O Sertão paraibano deu um passo decisivo para o fortalecimento de suas expressões culturais neste sábado (17), com a realização do 1º Fórum Regional de Pontos de Cultura do Sertão, em Patos. O evento, sediado no Centro Cultural Amaury de Carvalho, reuniu representantes de diversos territórios e oficializou a criação da Rede Sertão Cultura Viva, iniciativa que busca ampliar a articulação e a visibilidade das ações culturais no interior do Estado.
Organizado pelo Pontão Coletivo Derréis, com apoio da Secretaria Municipal de Cultura, Turismo e Esportes (SECULTE), o fórum foi avaliado pelos participantes como um momento histórico para a política Cultura Viva na Paraíba.
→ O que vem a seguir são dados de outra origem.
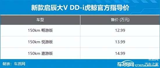 2月28日,新款启辰大V DD-i正式上市,此次共推出3款车型,售价区间为12.99-14.99万元,与此同时,官方还推出了限时权益价12.59-14.59万元和以旧换新价9.99-11.59万元。作为中期改款车型,新车主要针对外观设计和动力上进行升级。

Ao longo do dia, 81 participantes — entre fazedores de cultura, gestores e articuladores — debateram políticas públicas, sustentabilidade dos projetos culturais e estratégias de fortalecimento da rede estadual.
A diversidade foi um dos destaques do encontro. Ao todo, 28 Pontos de Cultura estiveram representados, abrangendo áreas como artesanato, música, tradições orais e audiovisual, com participação de 14 municípios do Sertão e representantes de seis regionais de cultura, ampliando o diálogo institucional.
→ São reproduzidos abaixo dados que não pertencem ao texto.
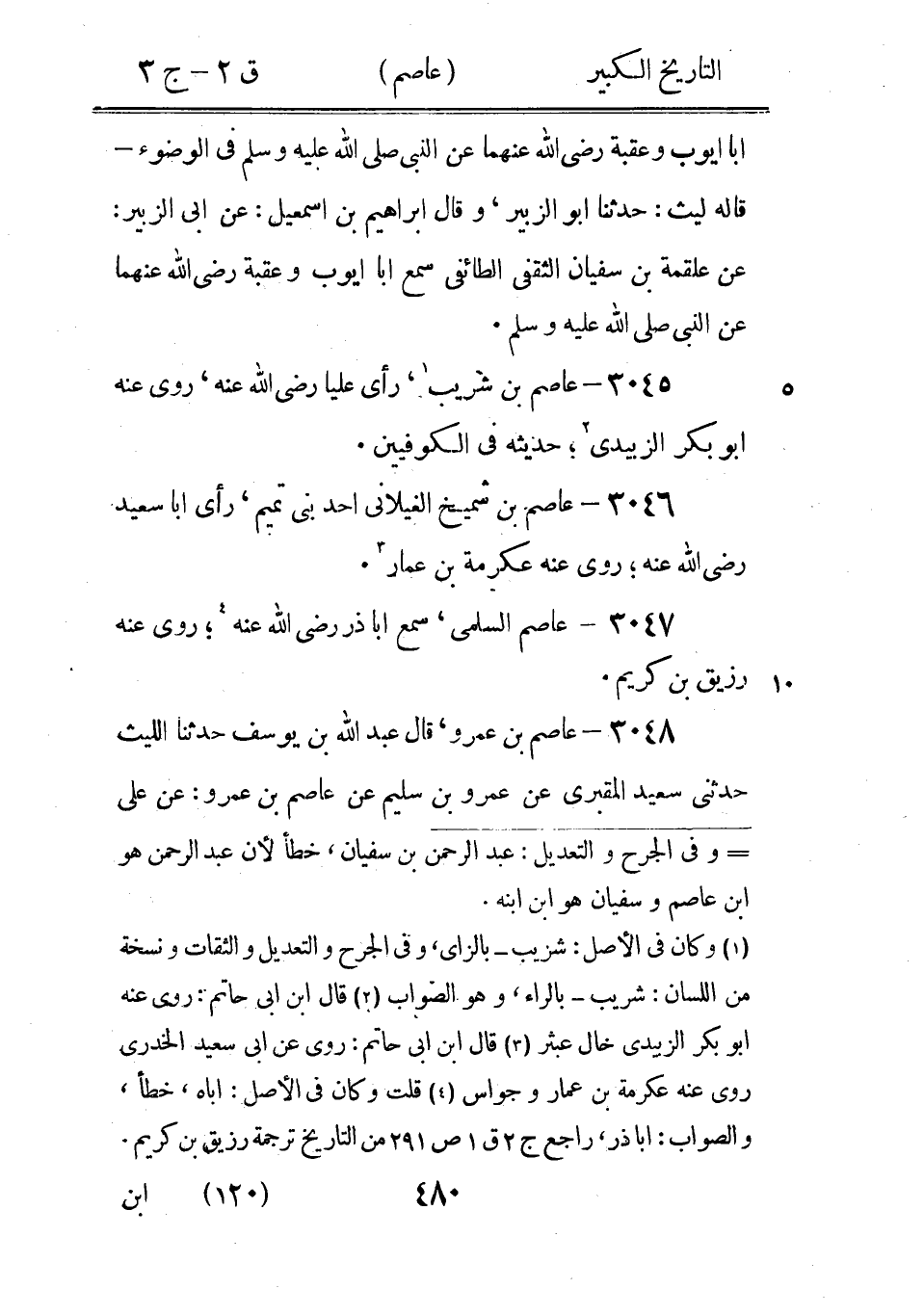 3070 - عاصم بْن عمير 4 العنزي / عَنْ أَنَسٍ، روى عنه محمد ابن ابى اسمعيل 5، وَقَالَ آدَم حَدَّثَنَا شُعْبَة: سَمِعَ عَمْرو بْن مرة: عن عاصم العنزي عن نَافِعِ بْن جُبَيْر عَنْ أَبِيهِ: رَأَى النَّبِيّ صَلَّى اللَّهُ عَلَيْهِ وسلم كبر

Para os organizadores, o fórum simbolizou mais do que um espaço de debate. “Este fórum é um divisor de águas. Reunir 14 municípios aqui em Patos mostra que o Sertão é um território produtor de cultura, que precisa e merece políticas públicas específicas”, destacou um dos articuladores presentes.
Durante a programação, os participantes discutiram o tema “Pontos de Cultura pela justiça climática”, ressaltando a intersetorialidade da gestão pública e o papel da educação como base para o desenvolvimento humano e social. Também foram definidos encaminhamentos práticos, como a escolha do Comitê Gestor da Rede Sertão Cultura Viva, a indicação de representantes para a Comissão Estadual dos Pontos de Cultura, além de nomes que irão representar o Sertão na 6ª Teia e no Fórum Nacional.
Eleita para a coordenação da Rede Sertão, Perla Alves, do Pontão Coletivo Derréis, destacou o caráter coletivo da iniciativa. Segundo ela, a articulação surge da necessidade de unir forças em um território historicamente invisibilizado, reforçando a resistência, a resiliência e a busca por transformação estrutural nas políticas culturais do Estado.
O encerramento do fórum foi marcado por um clima de pertencimento e expectativa. Para os participantes, a criação da Rede Sertão Cultura Viva representa o início de uma nova etapa, em que o Sertão assume, de forma organizada, o papel de protagonista na cena cultural paraibana.